## AIM OF THE EXERCISE
Your copy should hold the lines below from the first through the one that contains "Is 2024 turning", each retyped exactly, and no pictures.

(Dataset entries)
□ □ □ □
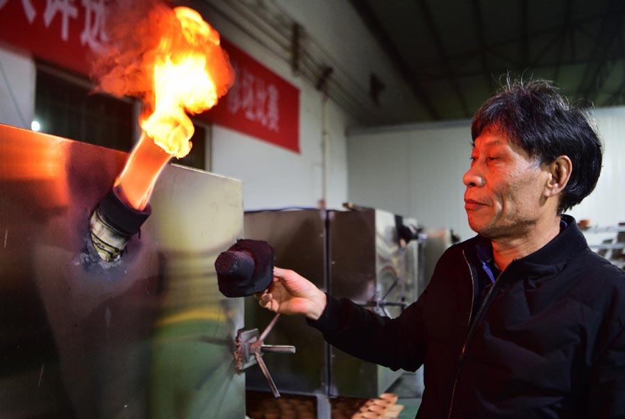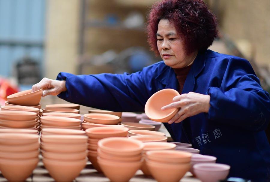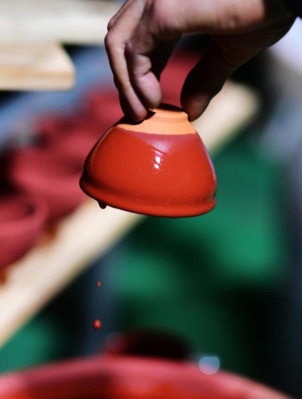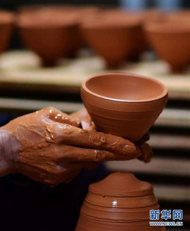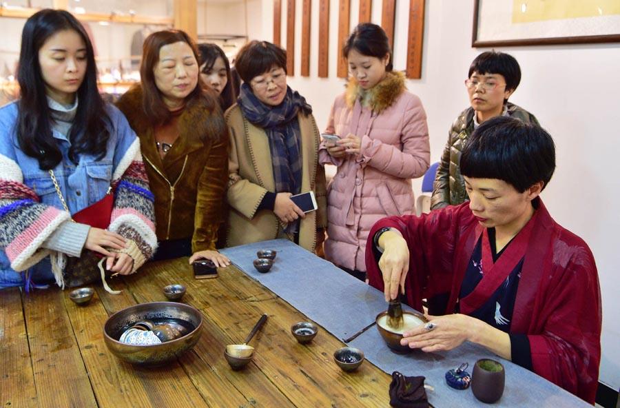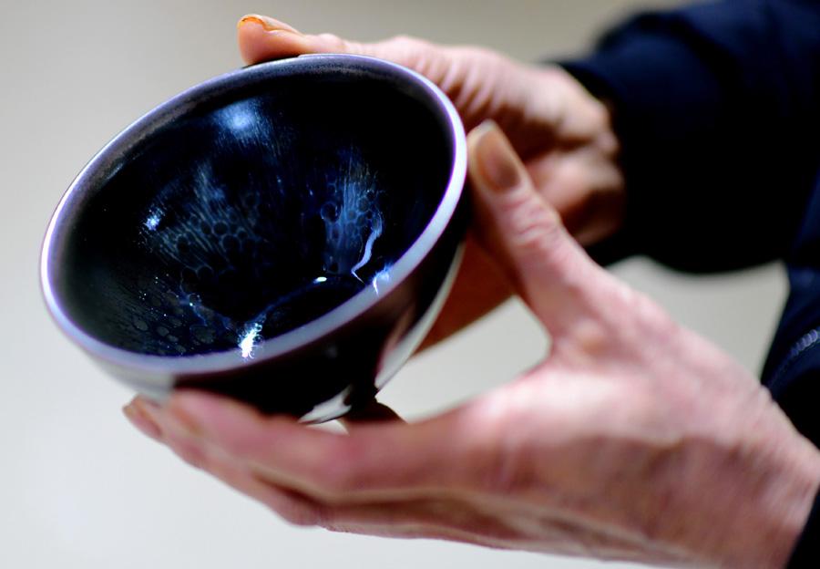 Craftsman Wu Lizhu shows a piece of Jianzhan porcelain that he made on Jan. 24, 2018. Jianzhan porcelain was among the eight most famous varieties of porcelain back in ancient China's Song Dynasty (960-1127). Production techniques for the porcelain were listed as a national intangible cultural heritage in China in 2011. (Photo/Xinhua)
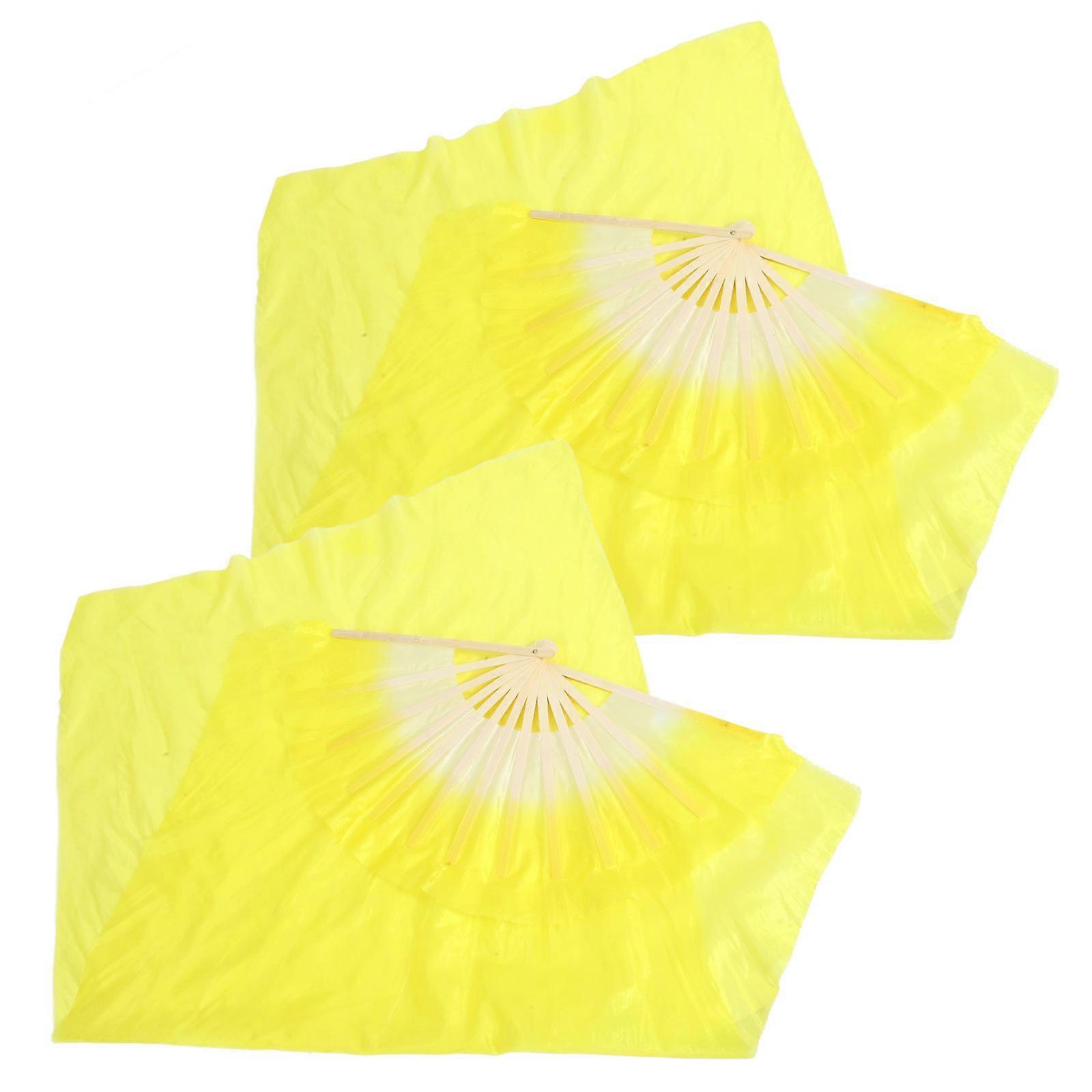 Belly Dancing Veil Fan Dance Tool Foldable Handheld Fan Yellow 120.00X60.00X1.00CM 1 Pair
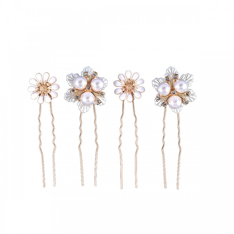 Шпильки для волосся з квітами "Flowers", золото, набір 4 шт
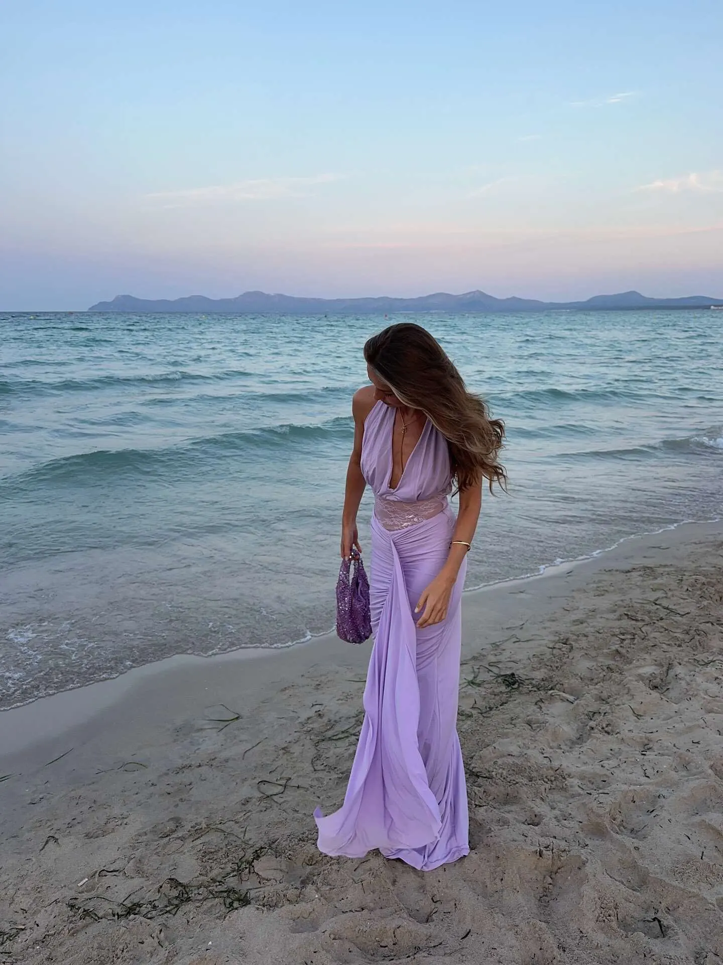 Ideal for wedding guest outfits, formal occasions, evening events and elevated partywear, this maxi dress balances softness with structure for a look that feels refined and modern.
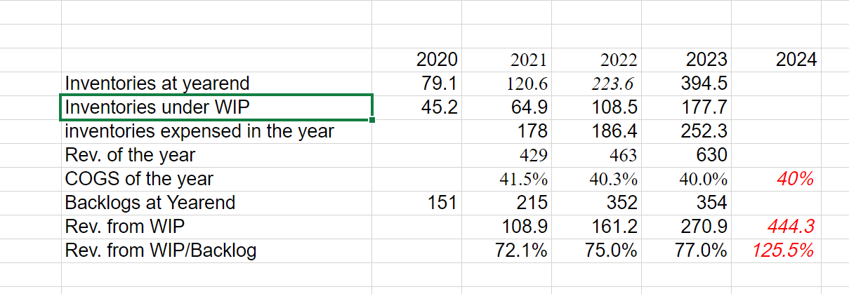 Is 2024 turning into an exceptional year? The inventories expensed each year is always bigger than the yearend total inventories the year before. A 2023 yearend 395m total inventories imply 395m/40%= 988m future sales. You make the call.
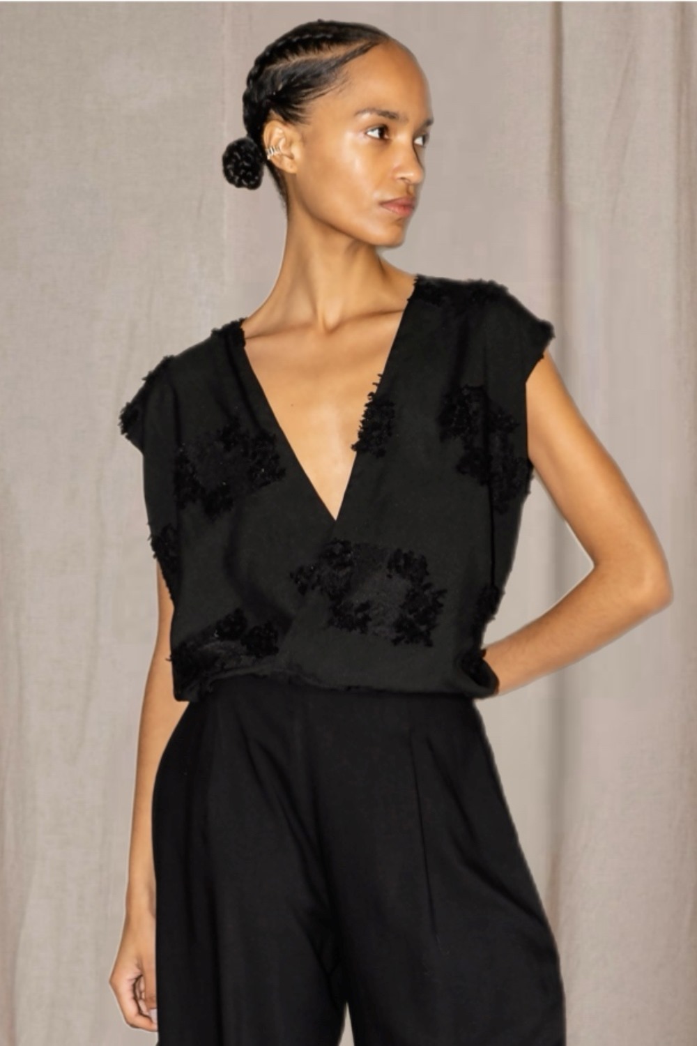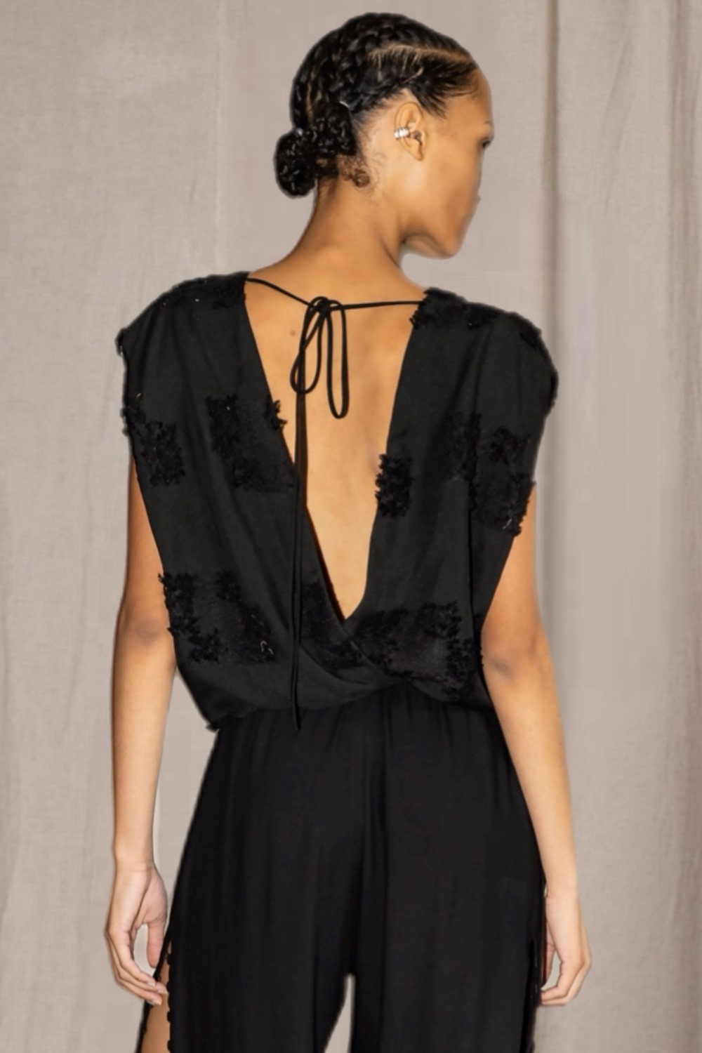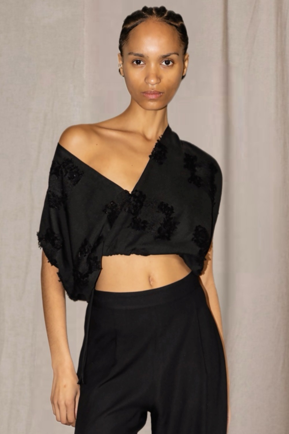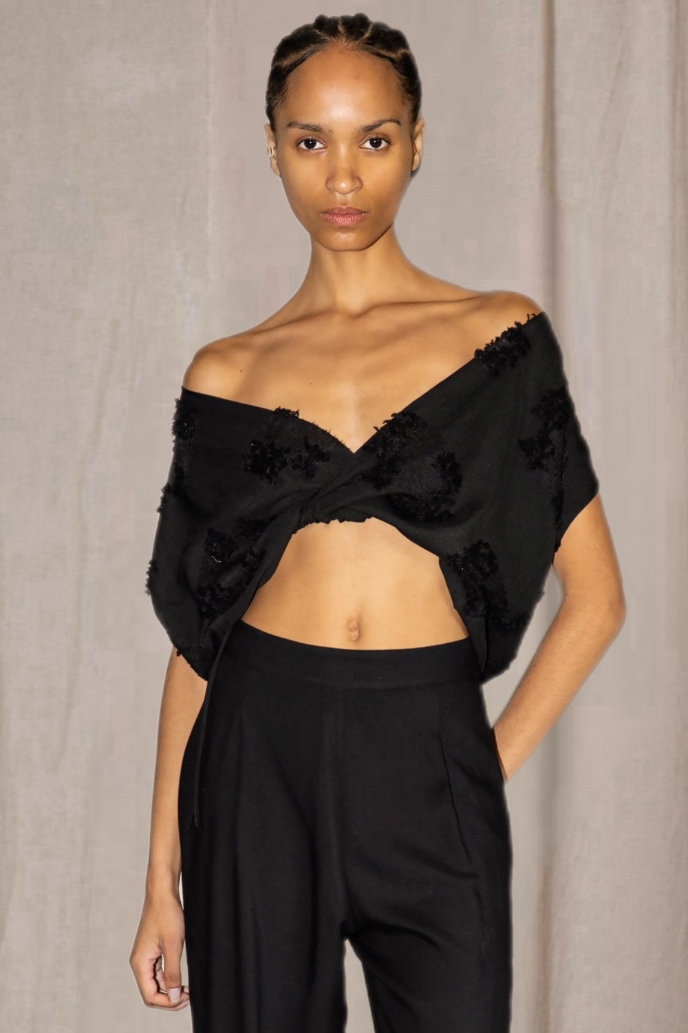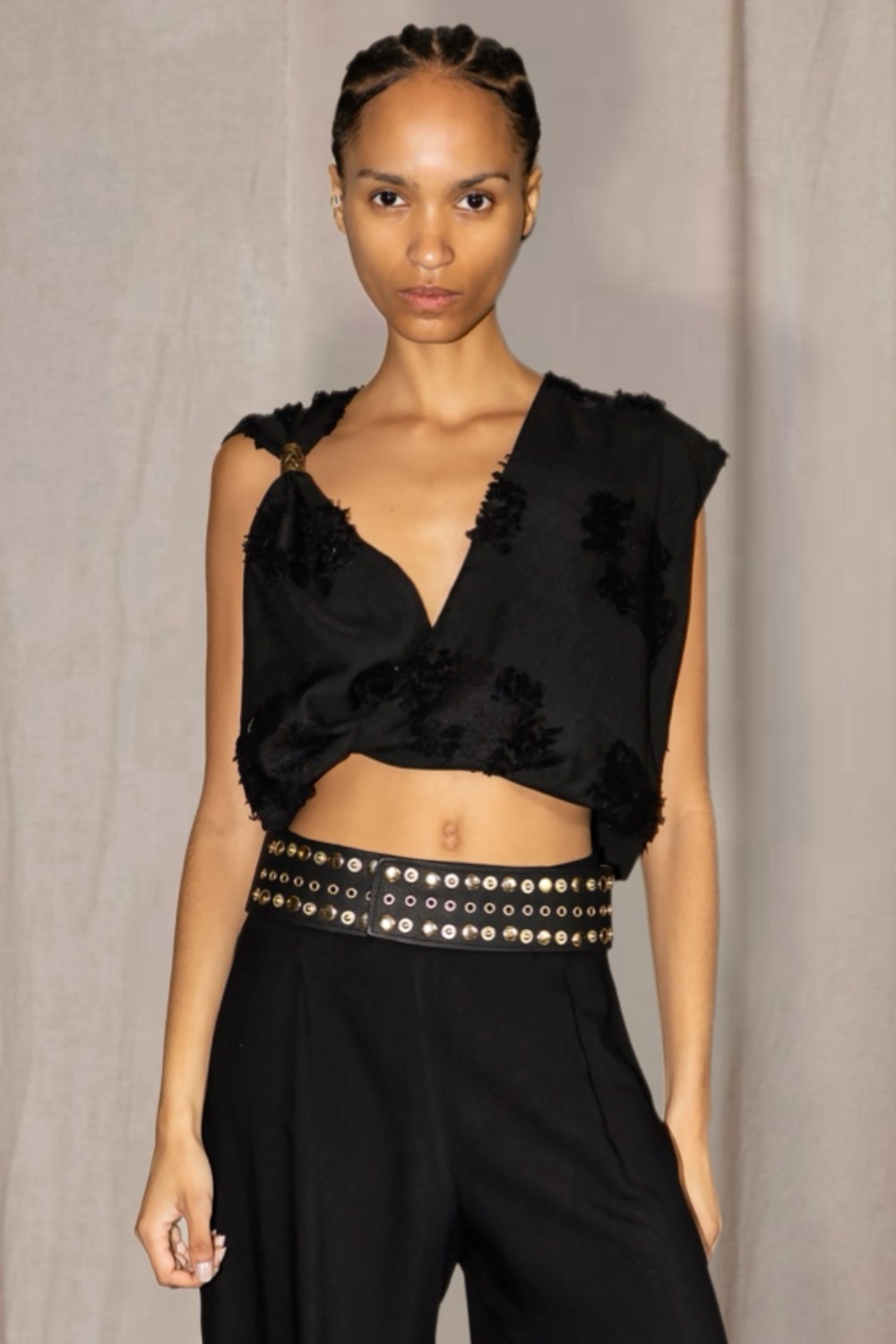 Sade bir zarafetle başlayan çizgi, bir anda asi bir tavra dönüşebiliyor. Ayarlanabilir sırt biyesiyle ister tamamen kapalı, ister iki omuz açık, istersen L formunda tek omuz açık şekilde kullanabilirsin. Bel kısmındaki biye sayesinde ise dilersen bluz gibi, dilersen büstiyer edasında taşıyabilirsin. Özel aparatıyla birlikte ise asimetrik bir askılı büstiyer formuna bürünür, güçlü ama zahmetsiz bir siluet yaratır. Bu parça sekiz farklı stile değil, sekiz farklı sana ait. İçindeki farklı senlerle buluşman, bir düğüm, bir çözülüş, bir kayış meselesi. Nasıl hissettiğinle şekillenen, moduna göre form alan bir özgürlük ifadesi. Senin gibi; sade ama güçlü, cool ama umursamaz, cesur ama incelikli.
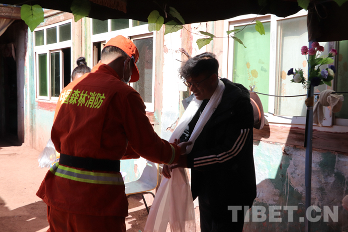 圖為卡若區森林消防中隊指戰員為群眾獻上哈達
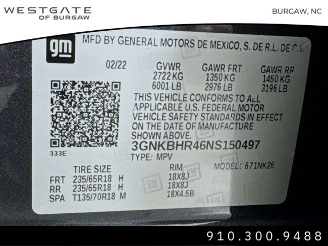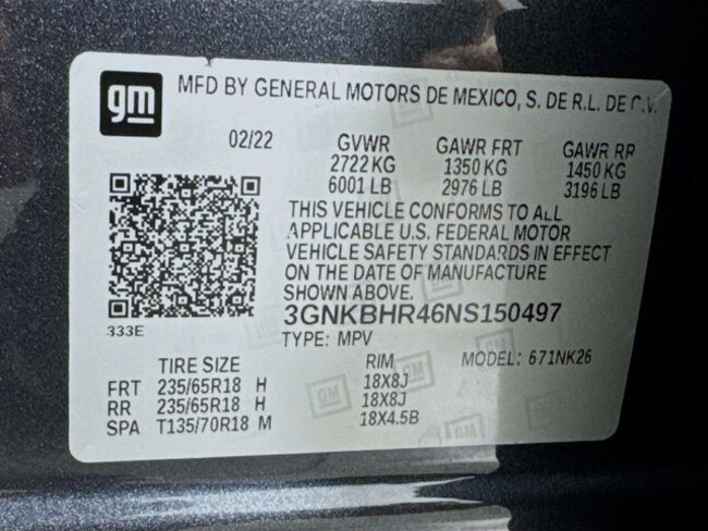 • VIN : 3GNKBHR46NS150497
□ □ □ □
## YOUR RESPONSE
 Craftsman Wu Lizhu shows a piece of Jianzhan porcelain that he made on Jan. 24, 2018. Jianzhan porcelain was among the eight most famous varieties of porcelain back in ancient China's Song Dynasty (960-1127). Production techniques for the porcelain were listed as a national intangible cultural heritage in China in 2011. (Photo/Xinhua)
 Belly Dancing Veil Fan Dance Tool Foldable Handheld Fan Yellow 120.00X60.00X1.00CM 1 Pair
 Шпильки для волосся з квітами "Flowers", золото, набір 4 шт
 Ideal for wedding guest outfits, formal occasions, evening events and elevated partywear, this maxi dress balances softness with structure for a look that feels refined and modern.
 Is 2024 turning into an exceptional year? The inventories expensed each year is always bigger than the yearend total inventories the year before. A 2023 yearend 395m total inventories imply 395m/40%= 988m future sales. You make the call.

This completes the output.